Archive for January, 2009

PostgreSQL And SELECT DISTINCT On Large Tables

Thursday, January 22nd, 2009

I’ve been noticing lately that PostgreSQL’s SELECT DISTINCT operation seems to be un-optimized for large tables. Take a look:

# EXPLAIN ANALYZE SELECT DISTINCT mycol FROM mytable;
QUERY PLAN
------------------------
 Unique (time=3393.085..3615.420 rows=20799 loops=1)
 ->  Sort  (time=3393.082..3514.374 rows=204494 loops=1)
       Sort Key: mycol
       ->  Seq Scan (time=9.455..289.479 rows=204494)
 Total runtime: 3626.724 ms
(5 rows)

Now compare DISTINCT to GROUP BY:

# EXPLAIN ANALYZE SELECT mycol FROM mytable GROUP BY mycol;
QUERY PLAN
------------------------
 HashAggregate (time=415.129..427.497 rows=20799)
   ->  Seq Scan (time=8.127..269.190 rows=204494)
 Total runtime: 433.836 ms
(3 rows)

That’s quite an improvement. 3626.724 ms compared to 433.836 ms.

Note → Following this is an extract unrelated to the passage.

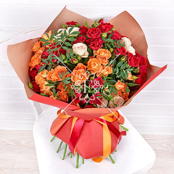 Букет «Закат в Палермо» из оранжевых, красных и кремовых кустовых роз с первого взгляда покорит Ваше сердце!  Ощущение уютного вечера и приятных комплиментов  под теплыми  закатными лучами гостеприимной Италии подарит эта цветочная композиция.

Even with ordering, GROUP BY is still faster:

# EXPLAIN ANALYZE SELECT mycol FROM mytable GROUP BY mycol
ORDER BY mycol;
QUERY PLAN
------------------------
 Sort  (time=642.126..654.545 rows=20799 loops=1)
   Sort Key: mycol
   ->  HashAggregate  (time=408.922..423.040 rows=20799)
         ->  Seq Scan (time=7.519..263.577 rows=204494)
 Total runtime: 661.537 ms
(5 rows)

The main problem seems to be that PostgreSQL is choosing a bad query plan. Lets try forcing PostgreSQL to use an index scan on SELECT DISTINCT:

# SET enable_seqscan = off;
SET
# EXPLAIN ANALYZE SELECT DISTINCT mycol FROM mytable;
QUERY PLAN
------------------------
Unique (actual time=0.013..361.917 rows=20799 loops=1)
   ->  Index Scan (actual time=0.012..266.856 rows=204494)
 Total runtime: 368.296 ms
(3 rows)

# SET enable_seqscan = on;
SET

Wow! Big improvement. Lets see how that compares to GROUP BY with sequential scans turned off:

# SET enable_seqscan = off;
SET
# EXPLAIN ANALYZE SELECT mycol FROM mytable GROUP BY mycol
ORDER BY mycol;
QUERY PLAN
------------------------
 Group (actual time=0.014..362.013 rows=20799)
   ->  Index Scan (actual time=0.011..267.001 rows=204494)
 Total runtime: 368.201 ms
(3 rows)

# SET enable_seqscan = on;
SET

So, at this point, the two queries are comparable. Tweaking the configuration sometimes causes PostgreSQL to choose a bad plan on other queries, so it seems like if PostgreSQL is choosing a bad plan for a query like this, you can simply turn sequential scans off for it.